DOI: 10.4103/0972-9062.310867

Background & objectives: Detection and molecular characterization of Babesia microti in laboratory mice from India. Methods: A total of 625 mice were screened by peripheral blood smear examination and subsequently were confirmed by PCR using a piroplasm conserved primer set (Piro A/B). Nested PCR was done using a species-specific primer targeting the gene encoding the small subunit ribosomal RNA (18S rRNA). The PCR products were cloned, purified and sequenced. A total of 12 isolates were obtained. The sequences were aligned and phylogenetic trees were prepared with other published Babesia spp. sequences.

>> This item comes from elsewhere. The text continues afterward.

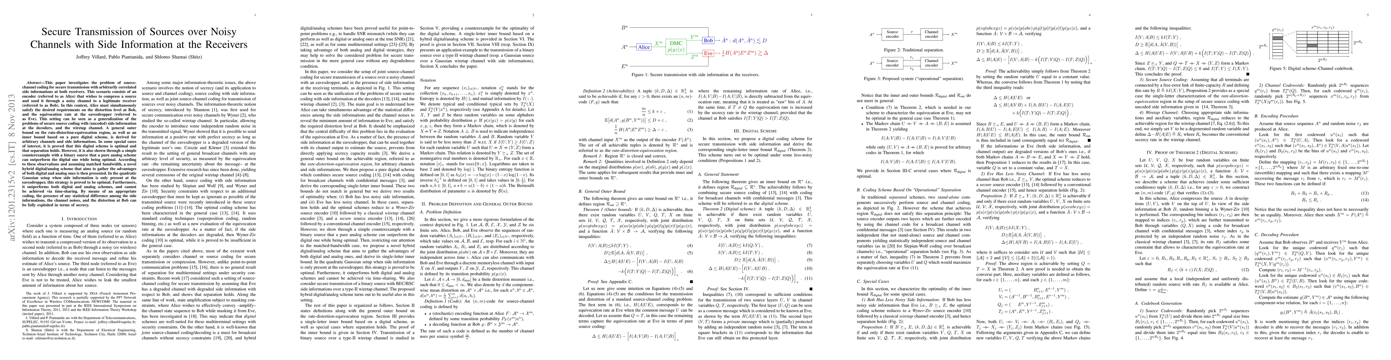 This paper investigates the problem of source-channel coding for secure transmission with arbitrarily correlated side informations at both receivers. This scenario consists of an encoder (referred to as Alice) that wishes to compress a source and send it through a noisy channel to a legitimate receiver (referred to as Bob). In this context, Alice must simultaneously satisfy the desired requirements on the distortion level at Bob, and the equivocation rate at the eavesdropper (referred to as Eve). This setting can be seen as a generalization of the problems of secure source coding with (uncoded) side information at the decoders, and the wiretap channel. A general outer bound on the rate-distortion-equivocation region, as well as an inner bound based on a pure digital scheme, is derived for arbitrary channels and side informations. In some special cases of interest, it is proved that this digital scheme is optimal and that separation holds. However, it is also shown through a simple counterexample with a binary source that a pure analog scheme can outperform the digital one while being optimal. According to these observations and assuming matched bandwidth, a novel hybrid digital/analog scheme that aims to gather the advantages of both digital and analog ones is then presented. In the quadratic Gaussian setup when side information is only present at the eavesdropper, this strategy is proved to be optimal. Furthermore, it outperforms both digital and analog schemes, and cannot be achieved via time-sharing. By means of an appropriate coding, the presence of any statistical difference among the side informations, the channel noises, and the distortion at Bob can be fully exploited in terms of secrecy.

Results: B. microti was detected with a total infection rate of 8.80%. The higher rate of infection was observed by species specific PCR (8.80%) than examined by blood smear (7.20%). Sequence and phylogenetic analysis showed that Babesia species detected in mice were genetically identical to the genotypes of B. microti and can be easily distinguished from other genotypes of Babesia parasites by neighbour joining and maximum likelihood method. Intra-species analysis indicated that all the twelve isolates from six NorthEastern states of India have a close identity but inter-species showed genetic reservoir host for transmission of babesial infection to humans. Interpretation & conclusion: The detection of Babesia microti may suggest that laboratory mice may serve as a potential reservoir host for human infection and the possibility of innovative ways of diagnosis and control of human babesiosis.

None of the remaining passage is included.